» Material provided:
====================

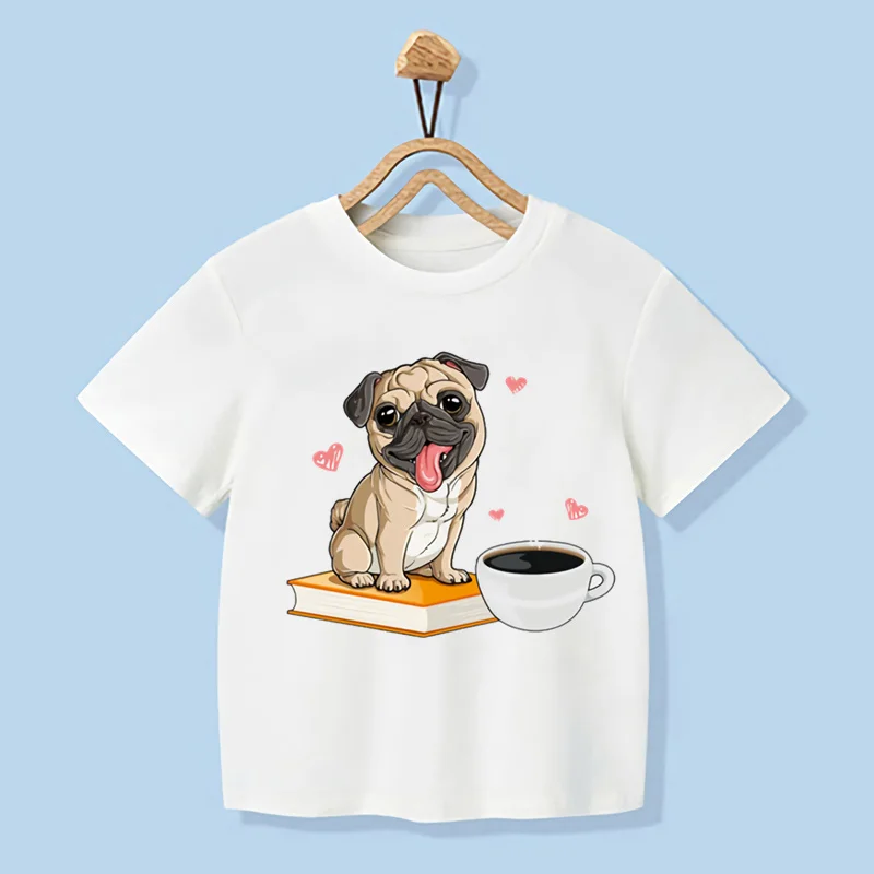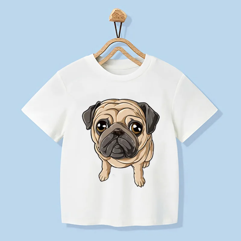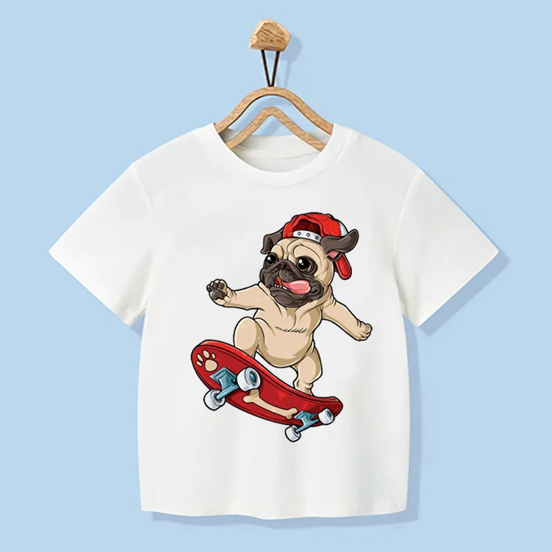 Летняя футболка для девочек и мальчиков, крутая футболка с рисунком мопса, роликов и животных, кавайная детская одежда, смешная футболка с собакой, YKP011
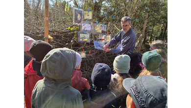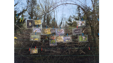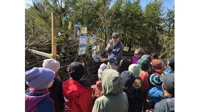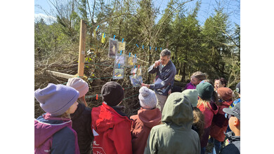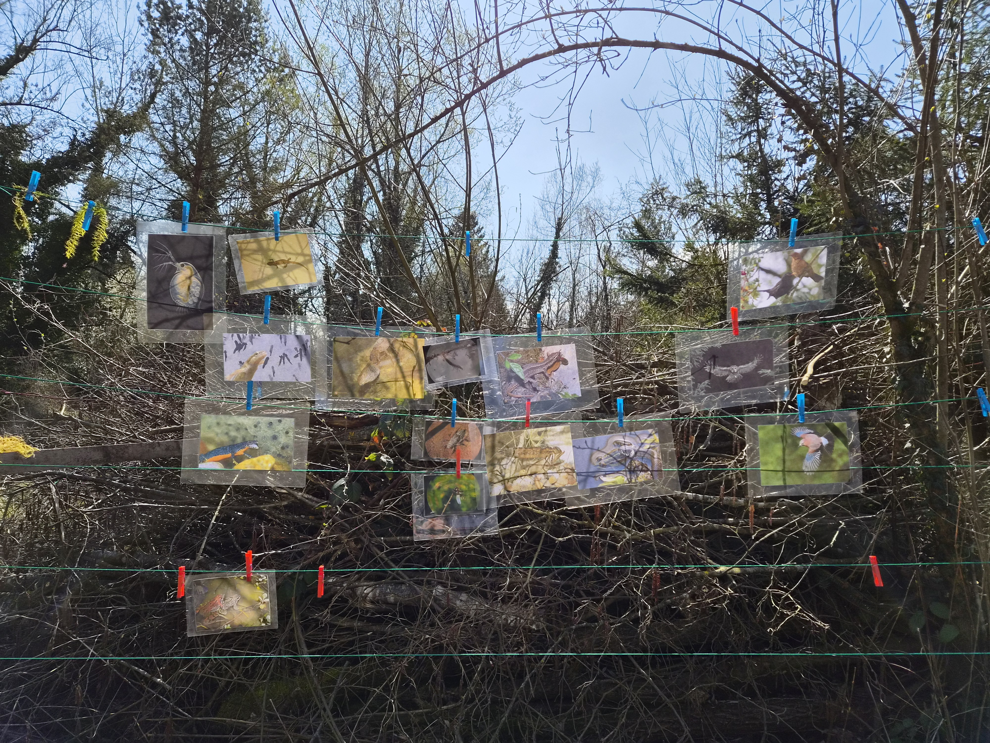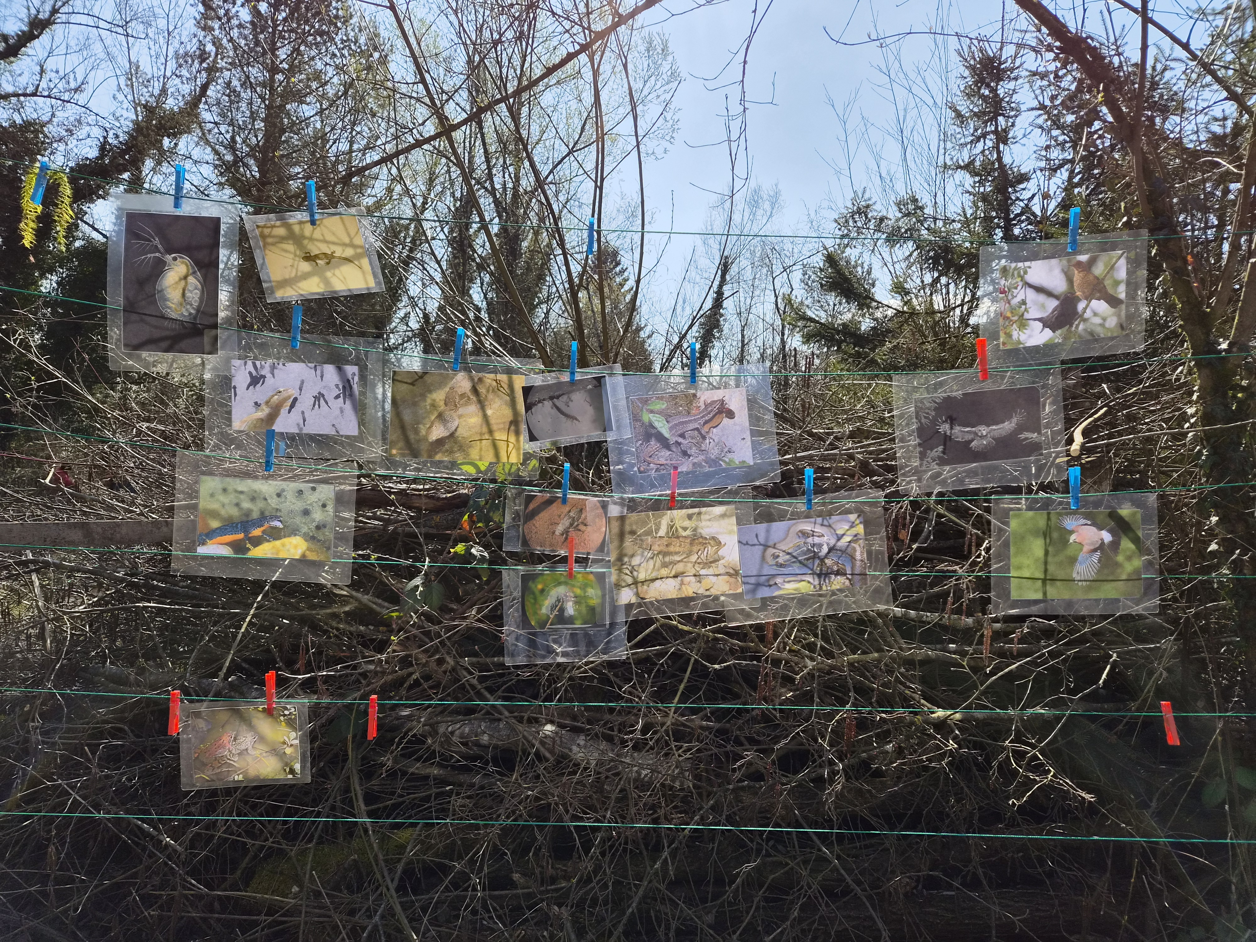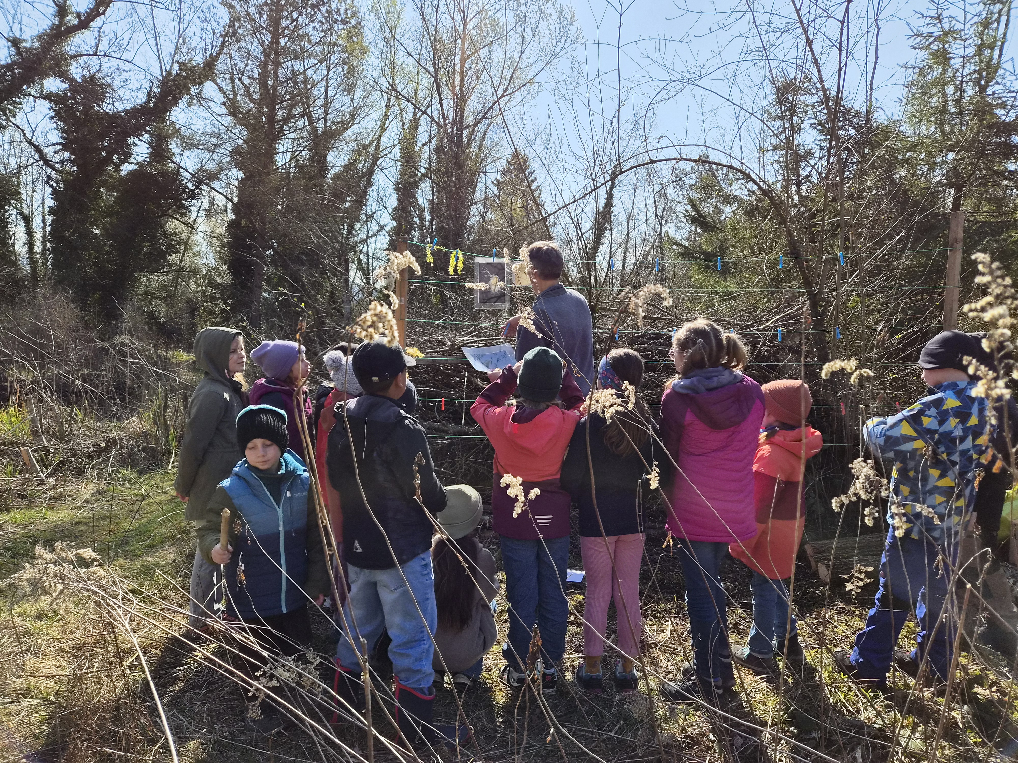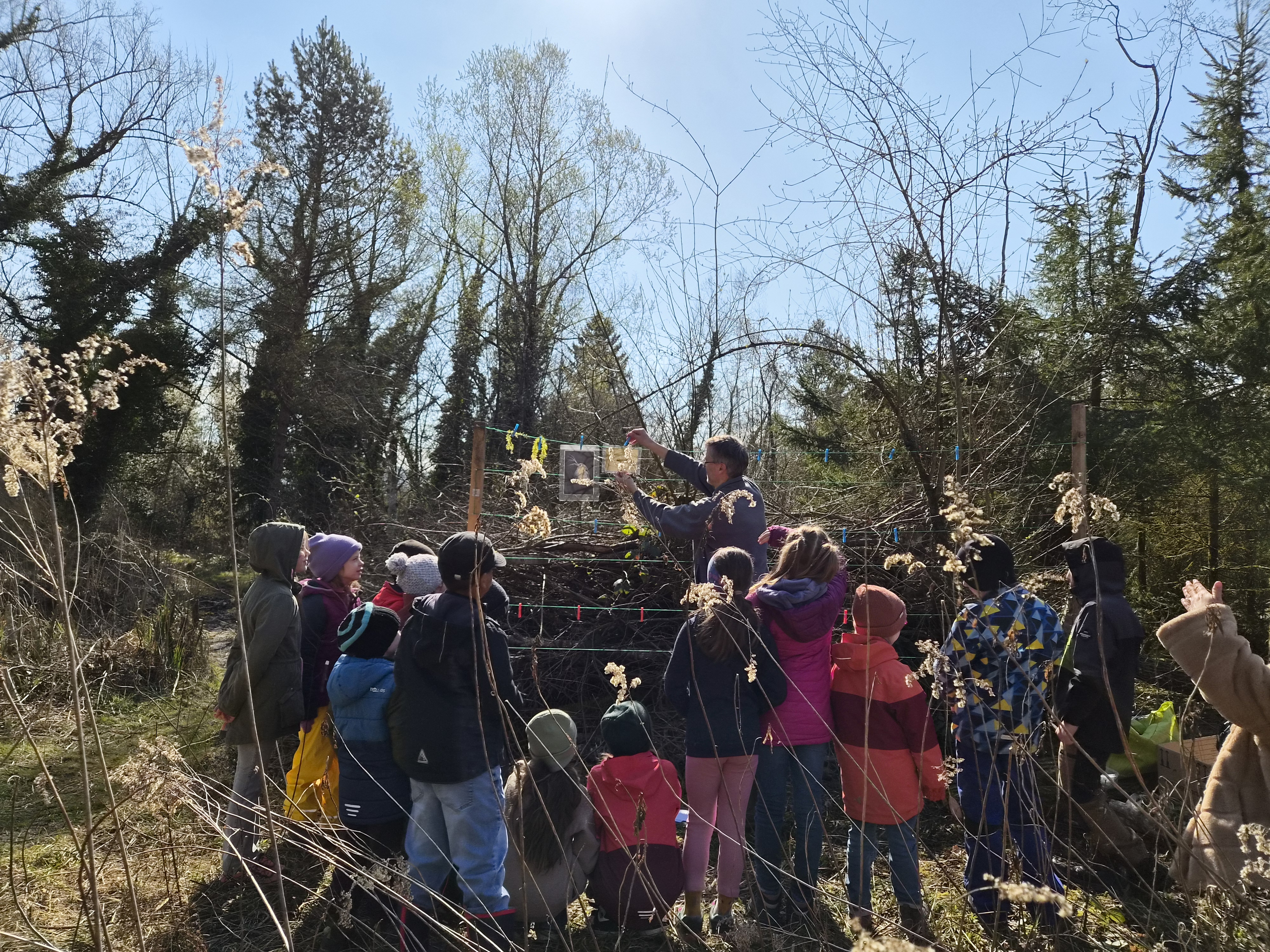 Gestärkt begab sich die junge Truppe in das Open-Air-Auditorium inmitten von Wiesen, Tümpeln und Büschen. Gemeinsam wurde versucht, das „Wer frisst wen am Teich?“ zu ergründen. Eine Wasserpflanze machte den Anfang, gefolgt von Wasserfloh, Froscheiern, Kaulquappen … Nach und nach folgten Bilder von immer größeren Tieren, wie Eidechse, Schlangen und Vögeln, die an einer „Tafel“ mit Kluppen aufgehängt wurden. Manchmal wird der Gejagte auch zum Jäger, wenn er es geschafft hat, groß genug zu werden… Angesichts der schnell fortschreitenden Zeit blieb die eine oder andere Frage für das nächste Mal im Jahr 2027 aufgespart.
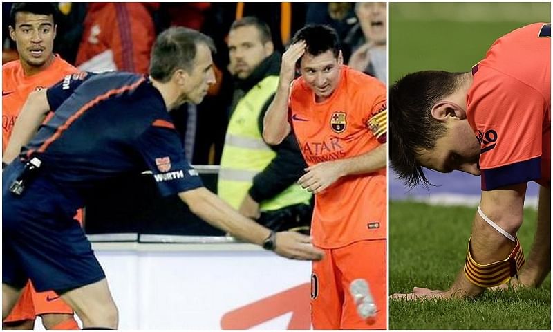 Barcelona forward Lionel Messi was hit on his head by a water bottle which was thrown from the stands at Valencia’s home ground Mestalla after Sergio Busquets had scored winner for the Catalan side in the 94th minute to win 0-1. The incident occurred right after the team celebration when all of them piled on top of another.
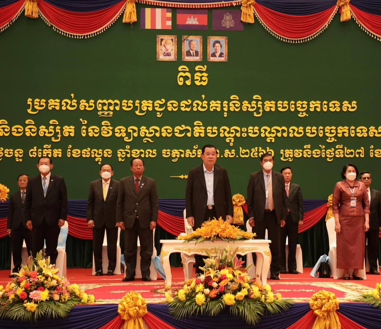 សម្តេចតេជោ ហ៊ុន សែន អញ្ជើញជាអធិបតីប្រគល់សញ្ញាបត្រ ដល់គរុនិស្សិតបច្ចេកទេស និងនិស្សិតនៃវិទ្យាស្ថានជាតិបណ្ដុះបណ្ដាលបច្ចេកទេស

====================

» Your task: Your answer must be the full listing, reproduced word for word, without its pictures.

» Exercise response:
 Летняя футболка для девочек и мальчиков, крутая футболка с рисунком мопса, роликов и животных, кавайная детская одежда, смешная футболка с собакой, YKP011
 Gestärkt begab sich die junge Truppe in das Open-Air-Auditorium inmitten von Wiesen, Tümpeln und Büschen. Gemeinsam wurde versucht, das „Wer frisst wen am Teich?“ zu ergründen. Eine Wasserpflanze machte den Anfang, gefolgt von Wasserfloh, Froscheiern, Kaulquappen … Nach und nach folgten Bilder von immer größeren Tieren, wie Eidechse, Schlangen und Vögeln, die an einer „Tafel“ mit Kluppen aufgehängt wurden. Manchmal wird der Gejagte auch zum Jäger, wenn er es geschafft hat, groß genug zu werden… Angesichts der schnell fortschreitenden Zeit blieb die eine oder andere Frage für das nächste Mal im Jahr 2027 aufgespart.
 Barcelona forward Lionel Messi was hit on his head by a water bottle which was thrown from the stands at Valencia’s home ground Mestalla after Sergio Busquets had scored winner for the Catalan side in the 94th minute to win 0-1. The incident occurred right after the team celebration when all of them piled on top of another.
 សម្តេចតេជោ ហ៊ុន សែន អញ្ជើញជាអធិបតីប្រគល់សញ្ញាបត្រ ដល់គរុនិស្សិតបច្ចេកទេស និងនិស្សិតនៃវិទ្យាស្ថានជាតិបណ្ដុះបណ្ដាលបច្ចេកទេស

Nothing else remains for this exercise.